The son of Major-General Herbert Edward Stacy Abbott, he was born in British India at Alipore. He was educated at Elizabeth College, Guernsey, before attending the Royal Military Academy, Woolwich. Abbott was commissioned into the Royal Engineers on 17 August 1874, and was sent to India in 1877. He served in the Second Anglo-Afghan War as an assistant engineer. Following the war he was posted to the Punjab where he worked in the Punjab Public Works Department. He was promoted to captain in August 1885 and later served with the Hazara Expedition of 1888, with promotion to major coming in 1894. He was appointed a Companion of the Distinguished Service Order in January 1896 for his actions with the Chitral Relief Force, and was later promoted to lieutenant colonel in 1901.

While briefly back in England in 1902, Abbott played a single first-class cricket match, at the age of 47, for Marylebone Cricket Club (MCC) against London County at Crystal Palace.
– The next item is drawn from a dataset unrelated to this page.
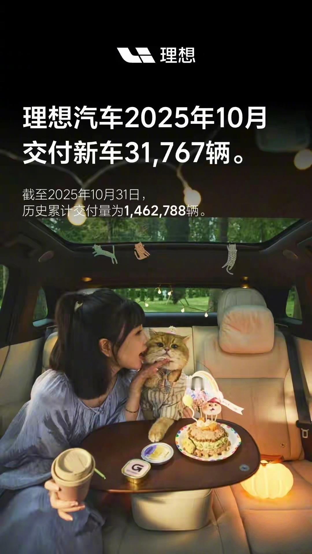理想汽车2025年10月交付新车31767辆,截至2025年10月31日,历史累计交付量为1462788辆。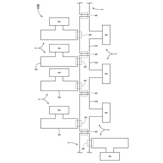 上記のように同期システムを備える場合、同期を取るための同期制御回路が必要である。誘導線路を多く備えた大規模は設備では、同期制御回路も当然ながら多く必要であり、回路規模が増大すると共に設置スペースも増大する。また、同期を取るためのクロックパルス信号は、上記の例のような光伝送装置や、有線LAN(Local Area Network)装置などによって伝送されるが、光ケーブルやLANケーブルなどの総延長距離も長くなり、ケーブルコストが増大すると共にケーブルの設置スペースも増大する。従って、電源設備は、コストとのバランスも考慮して構成されることが好ましい。乗り継ぎ区間における問題には、上記の通り、移動体への給電と、干渉電力とがある。この内、移動体への給電に関しては、移動体に搭載される受電回路を進行方向の前後に分けて複数設けることや、移動体に一時的な電圧低下を吸収できるようなバッテリやキャパシタを搭載することによる対処も可能である。しかし、干渉電力に関しては、電流に位相差がある場合には避けがたい。

He returned to India where he became the officiating Chief Engineer of the Public Works Department in the Punjab, 1903–1904, before returning to England to retire in 1906, upon which he was granted the rank of colonel. He was re-employed in 1909 as War Office Inspector of Territorial Buildings and was placed in charge of the Duke of York's Headquarters in Chelsea. His only son was killed in action during the First World War, during which Abbott served in London on special duties. He was made a CBE in the War Honours List of January 1919.

He died at Richmond in Surrey on 13 June 1939.